Serializing a simulation also works on a multi-core system: one file per core is written. To continue the simulation all the created files must be defined in config.json and must use the same number of cores.
There is a strong dependency between the program code and the serialized file. Changing the EMOD executable or modifying source code (especially removing, renaming or adding variables) will require a rerun of the burn-in.
Serialized population files can be quite large - sometimes on the order of gigabytes. This is mostly impacted by the size of your population (and for vector or malaria simulations, the size of the vector population). Since the file already makes use of compression, compressing a serialized file will provide minimal benefit.
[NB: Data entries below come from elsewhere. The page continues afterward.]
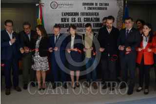 CIUDAD DE MÉXICO, 29SEPTIEMBRE2022.- Volodymyr Kabachenko diputado del parlamento Ucrania; César Agustín Hernandez vicepresidente grupo amistad Mexico-Ucrania; Oksana Dramarétska, embajadora de Ucrania en México; Jorge Álvarez Máynez, coordinador de Movimiento Ciudadano; y Salomón Chertorivski Woldemberg diputado Movimiento Ciudadano, encabezaron la inauguración de la exposición fotográfica "Kiev es el corazón inquebrantable de Europa" en la Cámara de Diputados. FOTO: MARIO JASSO/CUARTOSCURO.COM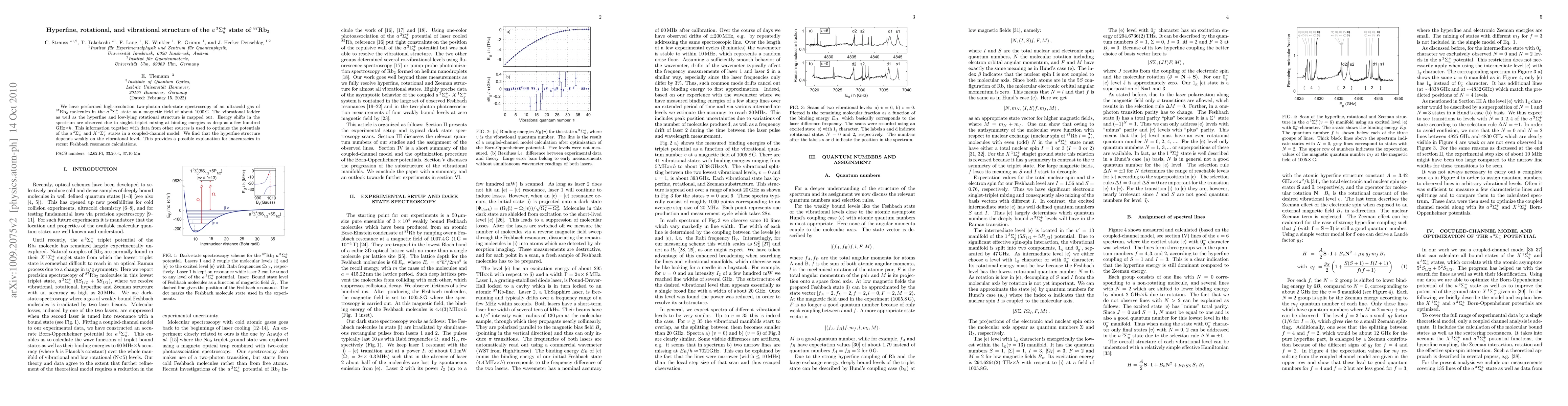 We have performed high-resolution two-photon dark-state spectroscopy of an ultracold gas of Rb molecules in the triplet ground state at a magnetic field of about 1000 G. The vibrational ladder as well as the hyperfine and low-lying rotational structure is mapped out. Energy shifts in the spectrum are observed due to singlet-triplet mixing at binding energies as deep as a few hundred GHz x h. This information together with data from other sources is used to optimize the potentials of the triplet and singlet states in a coupled-channel model. We find that the hyperfine structure depends weakly on the vibrational level. This provides a possible explanation for inaccuracies in recent Feshbach resonance calculations.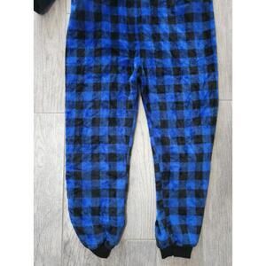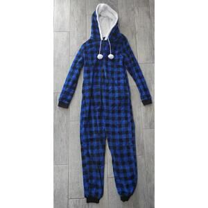 Women's Giggling Getup One Piece Pajamas Hooded Buffalo Plaid Blue Size Medium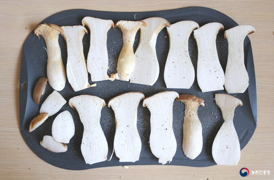 2. 새송이버섯을 넓게 펼치고 앞뒤로 소금, 후추를 뿌려 밑간해 줍니다.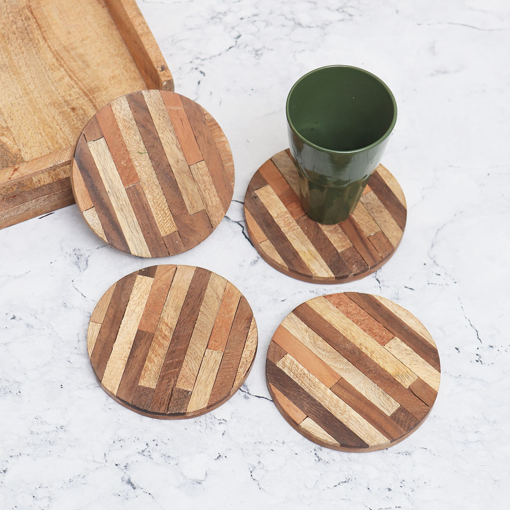 Buy a Pack of 4 handmade wooden tea coasters online from our website which is crafted by highly skilled and experienced Indian artisans. Made from high-quality wood, these coasters boast a circular shape and come in various shades of brown, lending them an enchanting antique finish. These coasters not only serve a practical purpose but also double as decorative pieces for your home or office. Designed to hold water, tea, juice, or coffee glasses, these wooden tea coasters are perfect for use in any setting, be it at home, office, restaurant, hotel, or cafe. By placing these coasters under your beverage glasses, you can effortlessly prevent stains on your surfaces, keeping them pristine for longer periods. Each coaster is carefully constructed with attention to detail, ensuring a smooth and durable surface. These coasters also make for exceptional gifts on special or festive occasions. Showcasing the rich craftsmanship and traditional artistry of Indian artisans, this wooden tea coaster set is a thoughtful present for your family, friends or relatives.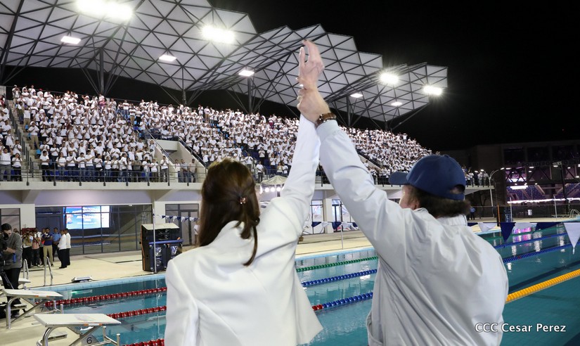 El Presidente Daniel Ortega y la Compañera Rosario Murillo, participaron este viernes 1 de diciembre en la inauguración del Complejo de Piscinas Olímpicas que llevan el nombre de Michele Richardson, destacada atleta nicaraguense.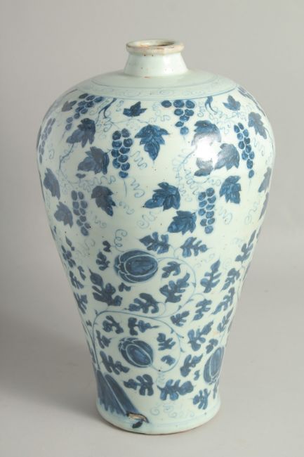 A LARGE CHINESE BLUE AND WHITE PORCELAIN MEIPING VASE painted with fruit and leaves. 41cm high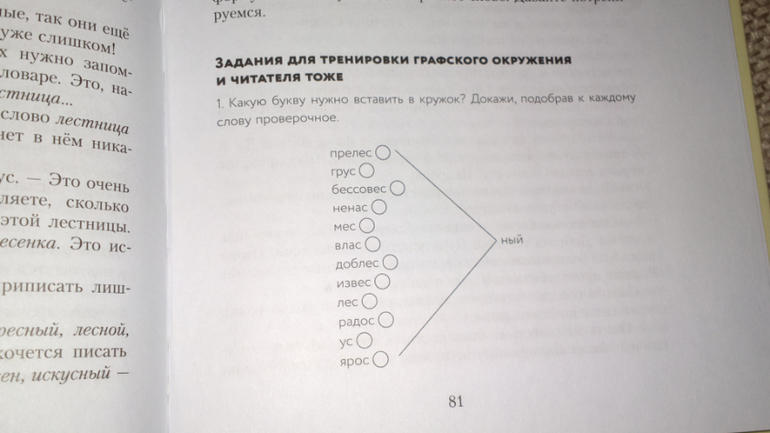 Остальные же задания очень полезны.Некоторые из них такие же, как в школьном учебнике, но их подача и оформление не вызывают у ребенка отторжения.Здесь не нужно открывать тетрадь и переписывать текст, вставляя пропущенные буквы.

The size of the file can become a memory issue when reading from the serialized file. Reading large files, for example over 5 gigabytes, requires a lot of memory to both read the file and create the objects from that file. The amount of RAM you have available for each of your simulations should factor into how large of a file you want to use. If this is a concern, one can set the parameter logLevel_Memory to DEBUG when running the simulation to serialize. This will tell you how much memory will be needed for the simulation after you read it back in. However, it does not include the memory needed to read the file. If you are allowed 8-GB of memory per core, your simulation is using 7-GB, and your file is 2-GB, you could be in danger of using more memory than you are allowed.